====== DATASET CONTENT

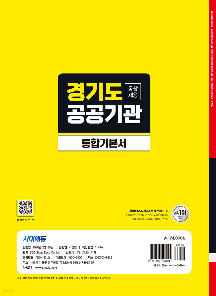 2026년 경기도 공공기관 통합채용 합격을 위해 시대에듀에서는 『2026 최신판 시대에듀 경기도 공공기관 통합채용 통합기본서』를 출간하였다. 2026년 경기도 공공기관 통합채용에 대비하기 위한 기본서이다. 2025년 경기도 공공기관 통합채용 NCS 기출복원문제 및 2025년 주요 공기업 NCS 기출복원문제를 수록하여 경기도 공공기관 통합채용의 최신 출제경향과 공기업별 필기전형의 전반적인 유형과 경향을 파악할 수 있도록 하였으며, 직업기초능력평가 대표기출유형 및기출응용문제를 수록하여 체계적으로 필기시험에 대비할 수 있도록 하였다. 또한 철저한 분석을 바탕으로 구성한 최종점검 모의고사 2회분과 온라인 모의고사 3회분을 제공하여 자신의 실력을 점검할 수 있도록 하였다. 끝으로 채용 가이드와 경기도 공공기관 통합채용 면접 기출질문을 수록하여 채용 전반에 대비하는 데 부족함이 없도록 하였다. |
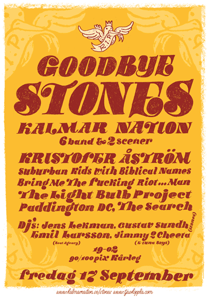 “Goodbye Stones” poster Contributed by Florian Hardwig on Feb 18th, 2014. Artwork published in 2004. Source: www.hijackyourlife.com License: All Rights Reserved. Typefaces More about StillaGet Stilla Formats Posters/Flyers (5690) Topics Music (6262) Designers/Agencies Hijack Your Life (1) Tagged withconcert & gig posters (508)yellow (400)lettering derived from typeface (732) Artwork location Sweden (440) In SetsFonts I Like (Bijou K) (102) 2 Comments on ““Goodbye Stones” poster” Florian Hardwig says: Feb 18th, 2014 8:19 pm So far, all our Uses featuring Stilla are not directly typographic, but have gone through a filter of some sort. Stephen Coles says: Feb 18th, 2014 11:34 pm Or embroidered! Post a comment Name Email – will not be published Website Your response Submit Comment More Stilla in use The Bangs flyer1982Susanna HoffsContributed by Herb Lubalin Study Center U&lc, Vol. 1 #2, 19741974Herb LubalinContributed by Stéphane Darricau Staff Pick Milton Wright – Friends and Buddies album art1975Drago FernandezContributed by CJ Dunn Sponsor More in Music Benny Goodman: Sextet Session1946George MaasContributed by Stephen Coles Frank Lowe – Doctor Too-Much album art1977Norman G. Goben, Jr.Contributed by Robert Beatty Groovy Goodies album art1964unknownContributed by Florian Hardwig Chuck Berry’s Greatest Hits album art1964Don BronsteinContributed by Florian Hardwig More in Posters/Flyers Zero Dark Thirty Movie Posters2012BLT CommunicationsIgnitionDominic SmithContributed by Stephen Coles Unfathomable film festival2024Polina BoroninaContributed by Polya Boronina Robotics Camp2016CipmannContributed by Nina Raimann Mads Nørgaard identityc. 2014e-TypesContributed by Playtype Foundry More Fonts In Use Marsden Hartley: The German paintings 1913–1915 at Neue Nationalgalerie2014Thoma+SchekorrContributed by Florian Hardwig Staff Pick Demain l’école d’art2016Alaric GarnierContributed by Quentin Schmerber Staff Pick Takao Rock2018Onion DesignContributed by Gareth Hague Staff Pick Adieu Vieille Europe by François Wavre and Chris Gautschi2018Chris GautschiFrançois WavreContributed by Swiss Typefaces Staff Pick
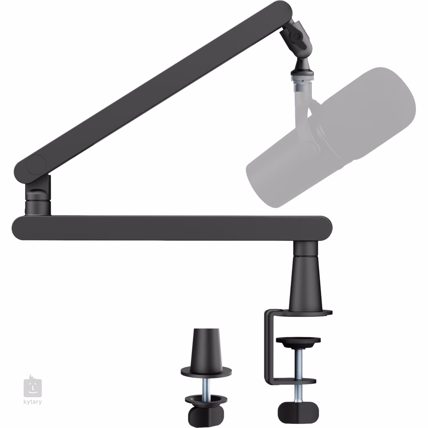 Brațul trepiedului are o lungime de 710 mm și permite ajustarea infinită a înălțimii de la 0-555 mm, ceea ce facilitează ajustarea microfonului la nevoile dvs. exacte - indiferent dacă înregistrați stând jos sau în picioare. Trepiedul poate fi atașat la o masă cu o clemă sau printr-un grommet, economisind spațiu pe birou și crescând flexibilitatea de utilizare.

============

The full listing above, duplicated exactly and without its pictures, is the answer.

 2026년 경기도 공공기관 통합채용 합격을 위해 시대에듀에서는 『2026 최신판 시대에듀 경기도 공공기관 통합채용 통합기본서』를 출간하였다. 2026년 경기도 공공기관 통합채용에 대비하기 위한 기본서이다. 2025년 경기도 공공기관 통합채용 NCS 기출복원문제 및 2025년 주요 공기업 NCS 기출복원문제를 수록하여 경기도 공공기관 통합채용의 최신 출제경향과 공기업별 필기전형의 전반적인 유형과 경향을 파악할 수 있도록 하였으며, 직업기초능력평가 대표기출유형 및기출응용문제를 수록하여 체계적으로 필기시험에 대비할 수 있도록 하였다. 또한 철저한 분석을 바탕으로 구성한 최종점검 모의고사 2회분과 온라인 모의고사 3회분을 제공하여 자신의 실력을 점검할 수 있도록 하였다. 끝으로 채용 가이드와 경기도 공공기관 통합채용 면접 기출질문을 수록하여 채용 전반에 대비하는 데 부족함이 없도록 하였다. |
 “Goodbye Stones” poster Contributed by Florian Hardwig on Feb 18th, 2014. Artwork published in 2004. Source: www.hijackyourlife.com License: All Rights Reserved. Typefaces More about StillaGet Stilla Formats Posters/Flyers (5690) Topics Music (6262) Designers/Agencies Hijack Your Life (1) Tagged withconcert & gig posters (508)yellow (400)lettering derived from typeface (732) Artwork location Sweden (440) In SetsFonts I Like (Bijou K) (102) 2 Comments on ““Goodbye Stones” poster” Florian Hardwig says: Feb 18th, 2014 8:19 pm So far, all our Uses featuring Stilla are not directly typographic, but have gone through a filter of some sort. Stephen Coles says: Feb 18th, 2014 11:34 pm Or embroidered! Post a comment Name Email – will not be published Website Your response Submit Comment More Stilla in use The Bangs flyer1982Susanna HoffsContributed by Herb Lubalin Study Center U&lc, Vol. 1 #2, 19741974Herb LubalinContributed by Stéphane Darricau Staff Pick Milton Wright – Friends and Buddies album art1975Drago FernandezContributed by CJ Dunn Sponsor More in Music Benny Goodman: Sextet Session1946George MaasContributed by Stephen Coles Frank Lowe – Doctor Too-Much album art1977Norman G. Goben, Jr.Contributed by Robert Beatty Groovy Goodies album art1964unknownContributed by Florian Hardwig Chuck Berry’s Greatest Hits album art1964Don BronsteinContributed by Florian Hardwig More in Posters/Flyers Zero Dark Thirty Movie Posters2012BLT CommunicationsIgnitionDominic SmithContributed by Stephen Coles Unfathomable film festival2024Polina BoroninaContributed by Polya Boronina Robotics Camp2016CipmannContributed by Nina Raimann Mads Nørgaard identityc. 2014e-TypesContributed by Playtype Foundry More Fonts In Use Marsden Hartley: The German paintings 1913–1915 at Neue Nationalgalerie2014Thoma+SchekorrContributed by Florian Hardwig Staff Pick Demain l’école d’art2016Alaric GarnierContributed by Quentin Schmerber Staff Pick Takao Rock2018Onion DesignContributed by Gareth Hague Staff Pick Adieu Vieille Europe by François Wavre and Chris Gautschi2018Chris GautschiFrançois WavreContributed by Swiss Typefaces Staff Pick
 Brațul trepiedului are o lungime de 710 mm și permite ajustarea infinită a înălțimii de la 0-555 mm, ceea ce facilitează ajustarea microfonului la nevoile dvs. exacte - indiferent dacă înregistrați stând jos sau în picioare. Trepiedul poate fi atașat la o masă cu o clemă sau printr-un grommet, economisind spațiu pe birou și crescând flexibilitatea de utilizare.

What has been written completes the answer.